I'm an owner at QH and had no idea that QH does a direct trade. What is the cost? We own Mardi Gras week.


----------



## chapjim (Jul 8, 2017)

Wegovaca said:


> I'm an owner at QH and had no idea that QH does a direct trade. What is the cost? We own Mardi Gras week.



Why would you want to exchange?


----------



## scootr5 (Jul 8, 2017)

chapjim said:


> Why would you want to exchange?



Um, yeah. Rent it out, and then rent whatever you want directly.


----------



## Wegovaca (Jul 9, 2017)

It was an informative question. I like to know as much as I can about things, don't you?


----------



## chapjim (Jul 9, 2017)

Wegovaca said:


> It was an informative question. I like to know as much as I can about things, don't you?

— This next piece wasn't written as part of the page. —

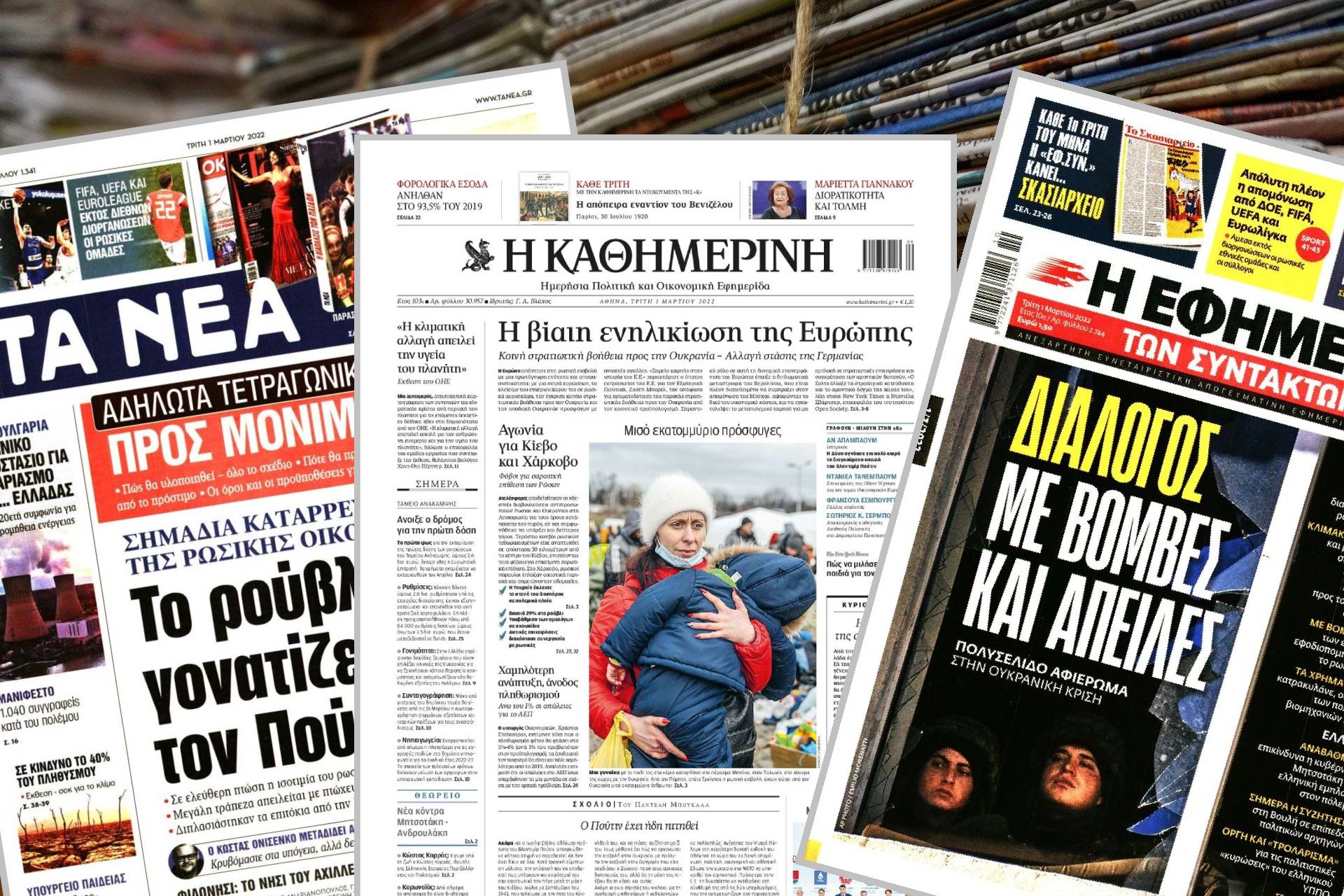 Διαβάστε τα πρωτοσέλιδα των εφημερίδων της Τρίτης 1 Μαρτίου

Internal exchanges don't cost anything.  Nina takes care of it.  Obviously, the exchange requires someone making your desired week available.  No one here can tell you how long to wait.

I've done exchanges.  I've had some where the match never came through.  I did one exchange on the spot when I showed up a week early!  (Lesson:  don't use any other timeshare calendar to determine when your week is.  Only use QH's calendar.)


----------



## Linden (Jul 9, 2017)

chapjim said:


> Internal exchanges don't cost anything.  Nina takes care of it.  Obviously, the exchange requires someone making your desired week available.  No one here can tell you how long to wait.
> 
> I've done exchanges.  I've had some where the match never came through.  I did one exchange on the spot when I showed up a week early!  (Lesson:  don't use any other timeshare calendar to determine when your week is.  Only use QH's calendar.)



Jim, Do you find that the QH's calendar differs from Redweek? Where do I find the QH's calendar? I didn't find it on there web site.


----------



## Sugarcubesea (Jul 9, 2017)

jackio said:


> I am a new QH owner. Can you explain how this internal exchange works? I own week 42 one bedroom.


Hi, Per the spring QH newsletter, they explain the Direct Exchange program. The Direct Trades Exchange Fee is $125 and no member fee is required. When I spoke to Nina (QH-Manager in charge of Direct Exchanges)  She told me to put a list together of Locations (Cities/States) and Dates and she would then try to make an exchange for me. I would recommend contacting Nina Lay at extension 162 at 800-736-5906, I just don't want to give wrong info...I sent my request in to her late Friday night, so I will keep everyone updated via this post once I have more information.


----------



## Sugarcubesea (Jul 9, 2017)

chapjim said:


> Internal exchanges don't cost anything.  Nina takes care of it.  Obviously, the exchange requires someone making your desired week available.  No one here can tell you how long to wait.
> 
> I've done exchanges.  I've had some where the match never came through.  I did one exchange on the spot when I showed up a week early!  (Lesson:  don't use any other timeshare calendar to determine when your week is.  Only use QH's calendar.)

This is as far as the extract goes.